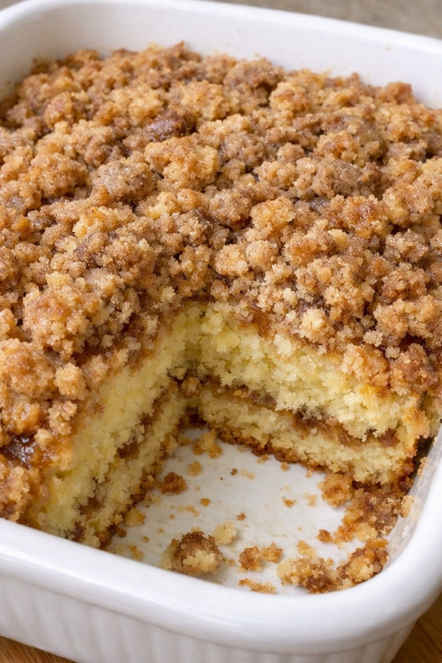 Remove the coffee cake from the oven and let it cool in the dish on a wire rack for at least 10–15 minutes. This helps it set up so you can scoop or slice clean pieces while it’s still warm and cozy.
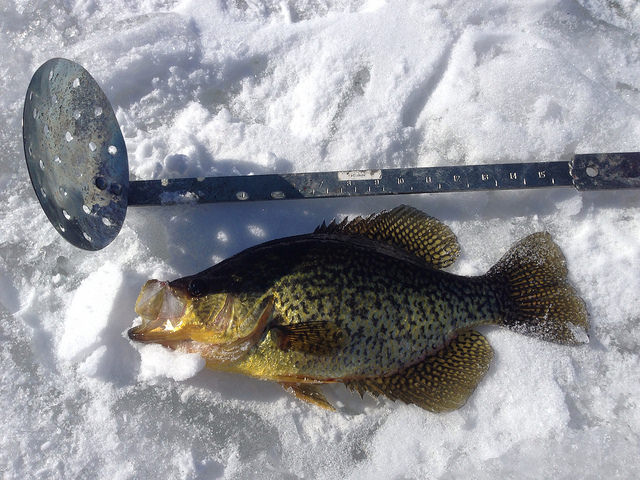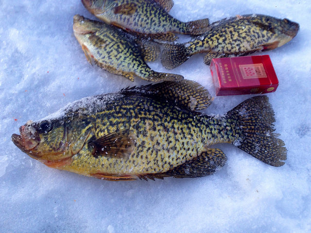 【华钓在线】多伦多钓友圈闻名已久的人送外号的“杨花花”,3月29日在华钓论坛发布“处女帖:冰钓花花最佳时机 ”,虽然只写一个字“testing”,却没忘记展示一下他这两天的鱼获,其中一条花册长达15英寸。
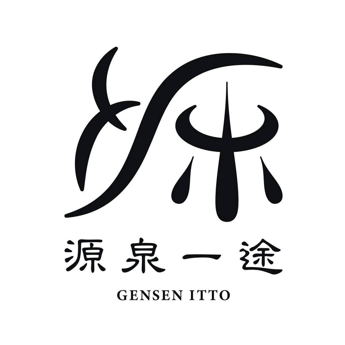『源泉一途』のロゴは、源泉が湧き出る様子をデザインに込めています。温泉・食事・癒しを表す三つの雫が特徴で、草木が風に揺れる姿を通じて温泉の魅力を象徴的に表現されています。
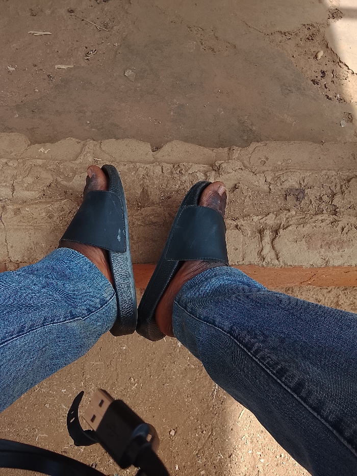 This image, captured in the city of Toro, Nigeria, displays a downward view of an individual's lower legs and feet
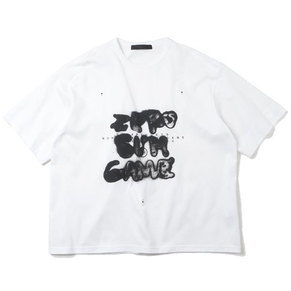 40/2の糸を使用した天竺素材にシルケット加工(毛羽を減らし、艶としなやかさをもたらす加工)を施したビッグシルエットのグラフィックTシャツです。
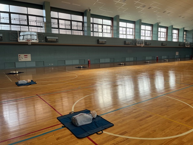 訓練用AEDおよびトレーニングマネキン20セットを用意し、135名全員にAEDを使用した心肺蘇生法の手順を体験して頂きました。

**What is required:** Would you restate the records above word for word and exclude the pictures?

**Result for this exercise:**
 Remove the coffee cake from the oven and let it cool in the dish on a wire rack for at least 10–15 minutes. This helps it set up so you can scoop or slice clean pieces while it’s still warm and cozy.
 【华钓在线】多伦多钓友圈闻名已久的人送外号的“杨花花”,3月29日在华钓论坛发布“处女帖:冰钓花花最佳时机 ”,虽然只写一个字“testing”,却没忘记展示一下他这两天的鱼获,其中一条花册长达15英寸。
『源泉一途』のロゴは、源泉が湧き出る様子をデザインに込めています。温泉・食事・癒しを表す三つの雫が特徴で、草木が風に揺れる姿を通じて温泉の魅力を象徴的に表現されています。
 This image, captured in the city of Toro, Nigeria, displays a downward view of an individual's lower legs and feet
 40/2の糸を使用した天竺素材にシルケット加工(毛羽を減らし、艶としなやかさをもたらす加工)を施したビッグシルエットのグラフィックTシャツです。
 訓練用AEDおよびトレーニングマネキン20セットを用意し、135名全員にAEDを使用した心肺蘇生法の手順を体験して頂きました。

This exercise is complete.